Stored data —
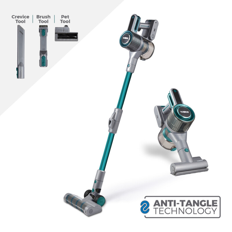 TOWER T513011PETS VL80 Cordless 3-in-1 Pole Vacuum Cleaner with Flexi Pole, HEPA 12 Filter & Anti-Tangle Floor Head, 1L Dust Tank, 29.6V Li-ion, Ocean Teal
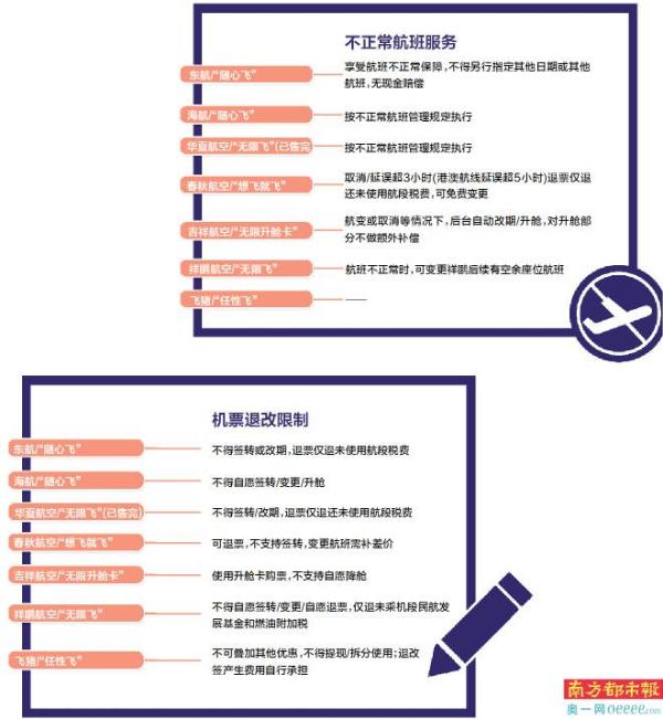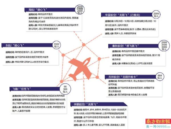 南都记者评测发现,较之东航最早推出的产品,之后跟进的各大航司在东航“随心飞”基础上大都进行了迭代,比如适用范围、适用时间进一步放宽。
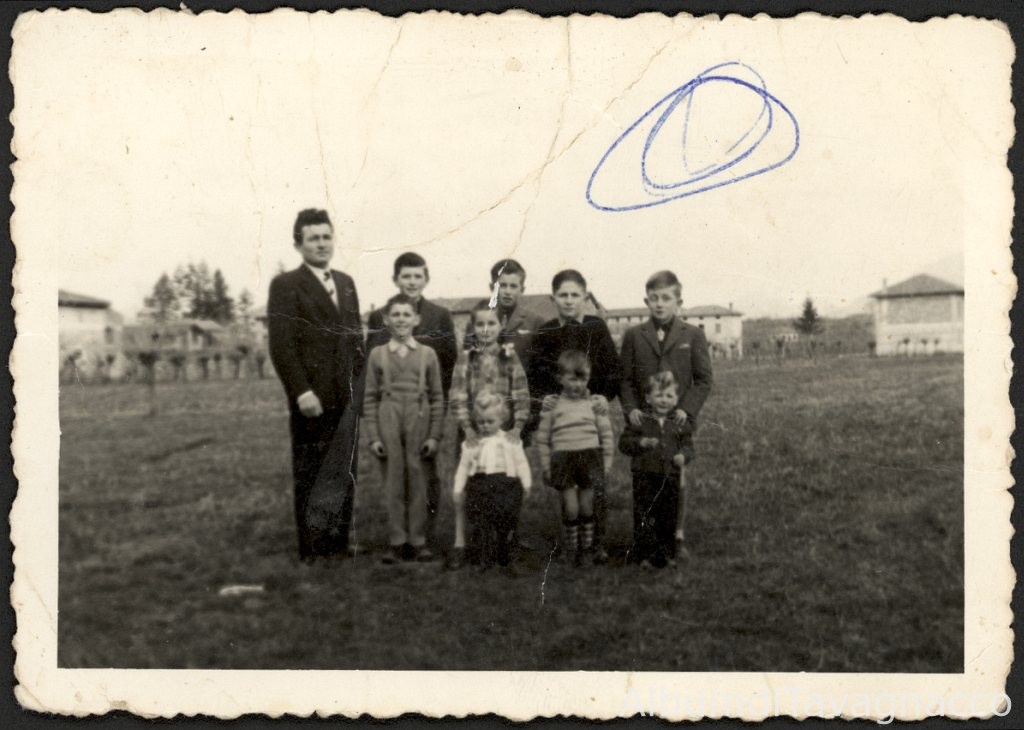 Gruppo della famiglia Mansutti, in posa su un campo, nei pressi di Via della Madonnina.
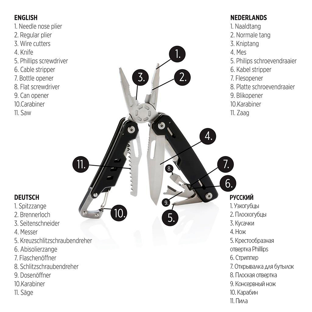 Надежный и долговечный мультитул с 11 функциями. Корпус выполнен из алюминия, а инструменты — из нержавеющей стали. В мультитуле предусмотрены: узкогубцы, плоскогубцы, кусачки, нож, крестообразная отвертка Phillips, стриппер, открывалка для бутылок, плоская отвертка, консервный нож, пила и карабин для крепления. Поставляется в фирменной коробке. Длина 10,5 см., ширина 4,1 см., высота 2,2 см., диаметр 0 см.
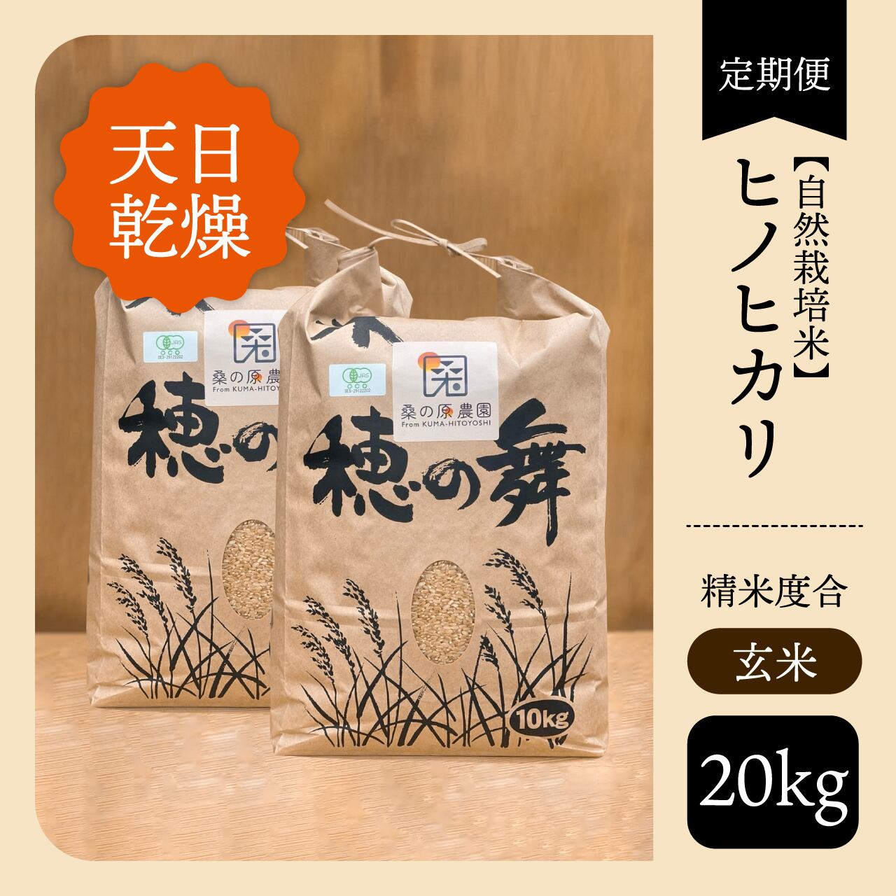 ★定期便★【自然栽培米】【天日乾燥】ヒノヒカリ【玄米】【20kg】【送料無料】
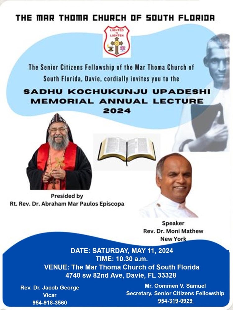 ഫ്ലോറിഡ: മൂത്താംമ്പക്കൽ സാധു കൊച്ചുകുഞ്ഞ് ഉപദേശി മെമ്മോറിയൽ വാർഷിക പ്രഭാഷണ പരമ്പര സൗത്ത് ഫ്ലോറിഡാ മാർത്തോമ്മാ ഇടവക സീനിയർ സിറ്റിസൺ ഫെലോഷിപ്പിന്റെ നേതൃത്വത്തിൽ മെയ് 11 ശനിയാഴ്ച രാവിലെ 10.30 ന് മാർത്തോമ്മാ സഭയുടെ നോർത്ത് അമേരിക്ക ഭദ്രാസനാധ്യക്ഷൻ ബിഷപ് ഡോ. എബ്രഹാം മാർ പൗലോസ് ഉത്ഘാടനം ചെയ്യും.
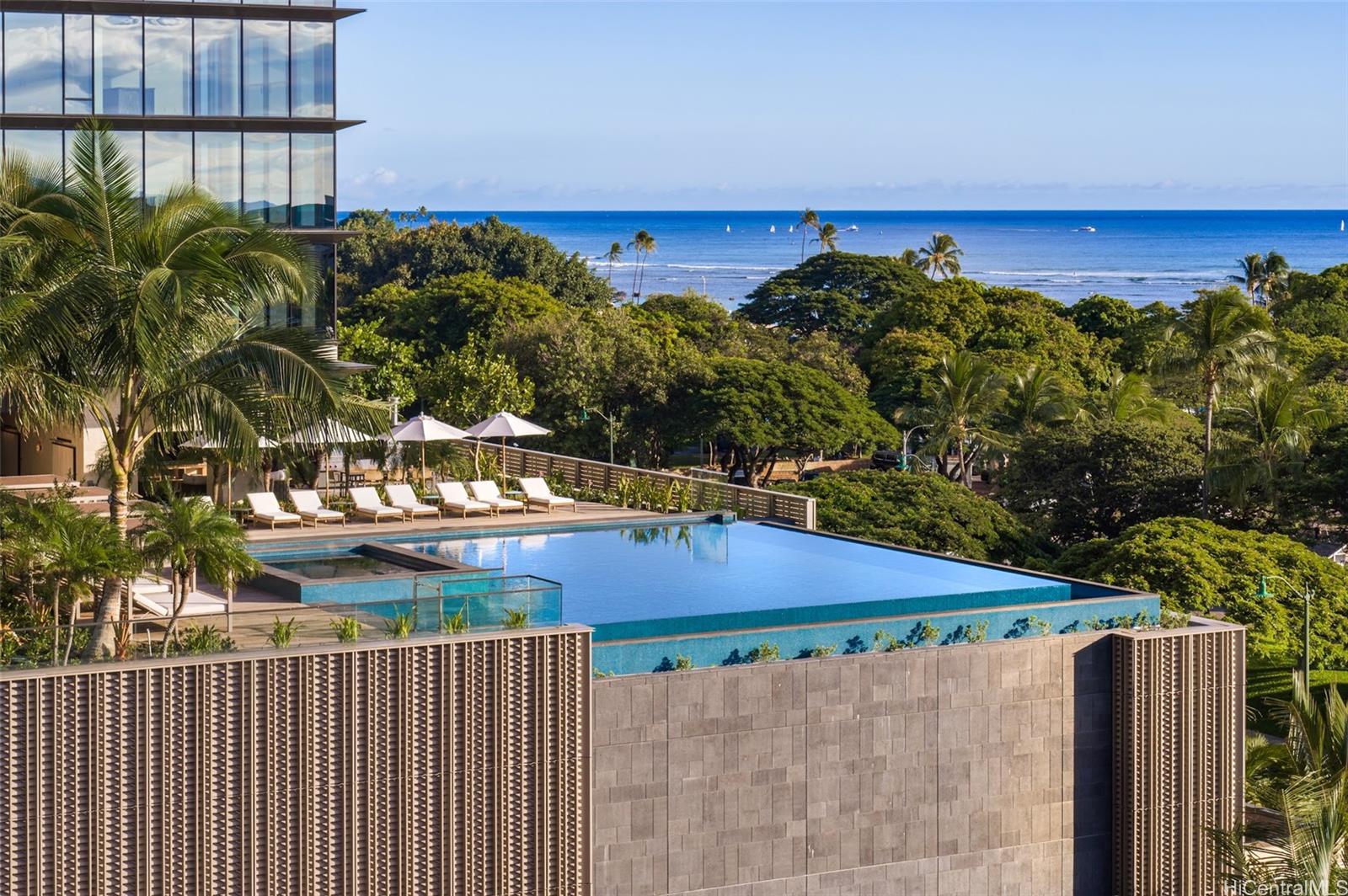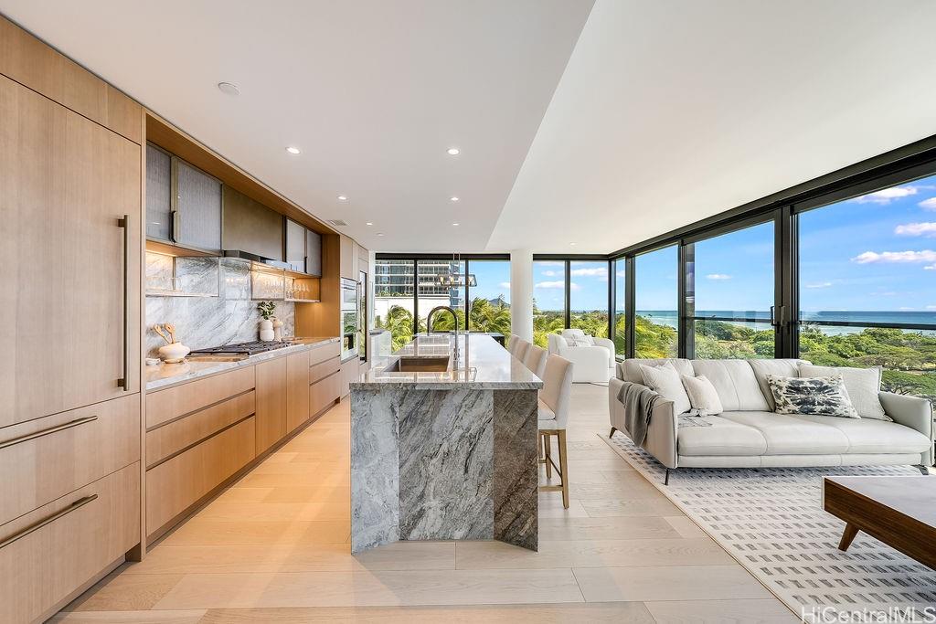 ワードビレッジの最新開発物件、ビクトリアプレイスの中でも人気の高い東向きの'00スタックに位置する、希少な3ベッドルーム、3バスルームのユニットです。この角部屋からは、太平洋、ボートハーバー、ダイヤモンドヘッドを見渡す素晴らしい眺望をお楽しみいただけます。広々とした3ベッドルーム、オフィスコーナー、独立したランドリールームを備えた機能的な居住空間には、スタジオベッカーによる特注キャビネット、サブゼロ冷蔵庫、ウルフガスレンジ、オーブン、電子レンジも完備しています。ビクトリアプレイスは、建築家ソロモン・コードウェル・ブエンツが設計し、ワードビレッジの最前列に位置する350ユニットの高級開発物件です。共用エリアはVITAプランニング&ランドスケープ・アーキテクチャーによる緑豊かな造園が施され、オーシャンビューのラッププールとラウンジプール、ワインセラー、スパ、温水・冷水プランジプール、フィットネスセンター、映画館、24時間対応のコンシェルジュ&バレーパーキングサービスなど、リゾートスタイルのアメニティも充実しています。このユニットには、2階に並列駐車スペースが2台分あり、EV対応の240V電源コンセントが建設時に設置されています。このユニットの販売には、収納ユニットは付属しません。
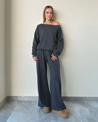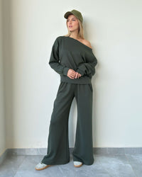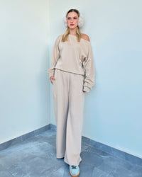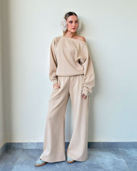 Paired with wide-leg pants, it delivers a relaxed yet elegant look perfect for lounging, casual outings, or travel.
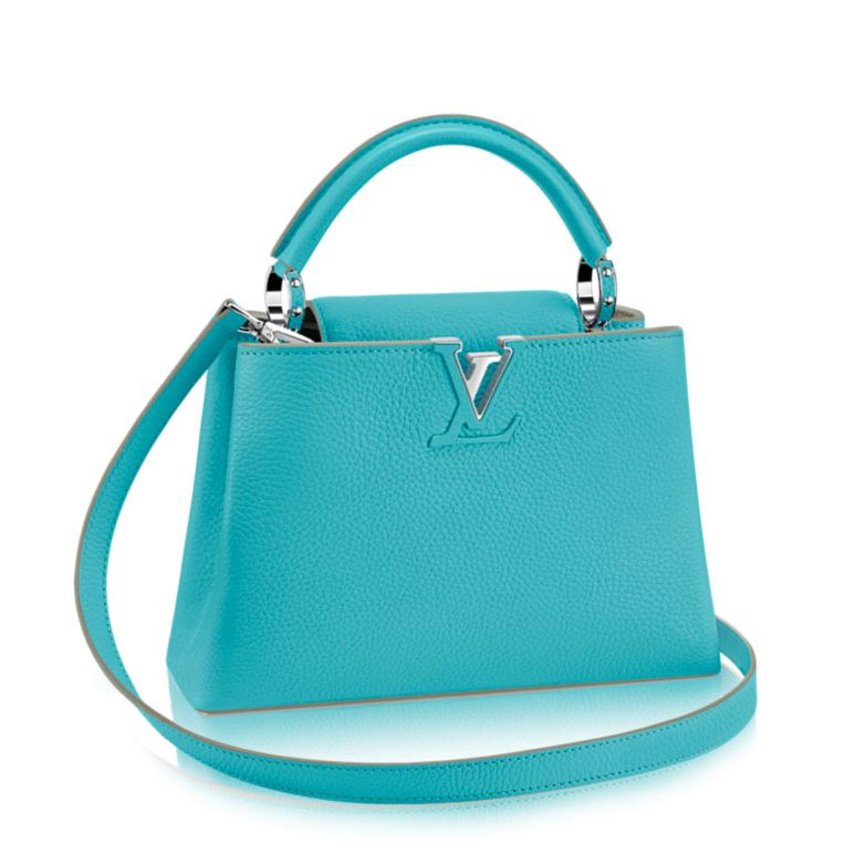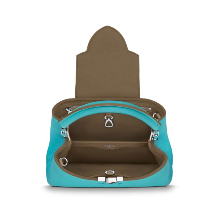 The fashionable mini size of Capucines BB lends an intense pop of contrasting colors to wardrobe styles from classic to daring. Finished with shiny silver color accents, the Capucines BB comes with a removable long shoulder strap for casual shoulder or cross-body wear.
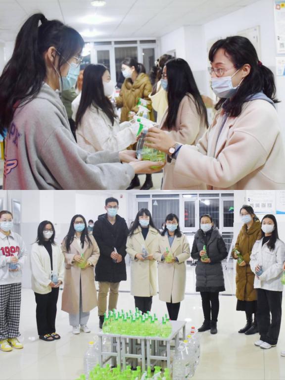 在发放消杀物资的过程中,老师们认真询问了学生的各项需求,鼓励学生积极调整心态。本次活动不仅提高了教院学生对宿舍消杀的重视,而且展现了学院对广大学生的关心爱护和共战疫情的信心。
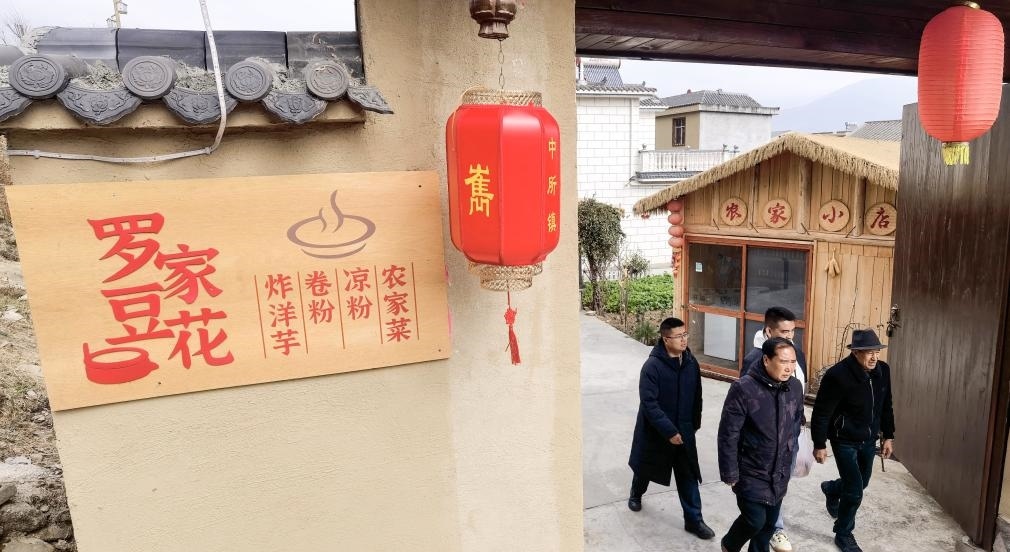 2月3日,在越西縣中所鎮(zhèn)陶家營(yíng)村,游客到羅國(guó)芹家開(kāi)的農(nóng)家樂(lè)用餐。新華社記者 周科 攝

Exercise goal — Transcribe, from the records above, the first line and every line after it up to and including the line with "南都记者评测发现,较之东航最"; omit pictures.

Exercise solution —
 TOWER T513011PETS VL80 Cordless 3-in-1 Pole Vacuum Cleaner with Flexi Pole, HEPA 12 Filter & Anti-Tangle Floor Head, 1L Dust Tank, 29.6V Li-ion, Ocean Teal
 南都记者评测发现,较之东航最早推出的产品,之后跟进的各大航司在东航“随心飞”基础上大都进行了迭代,比如适用范围、适用时间进一步放宽。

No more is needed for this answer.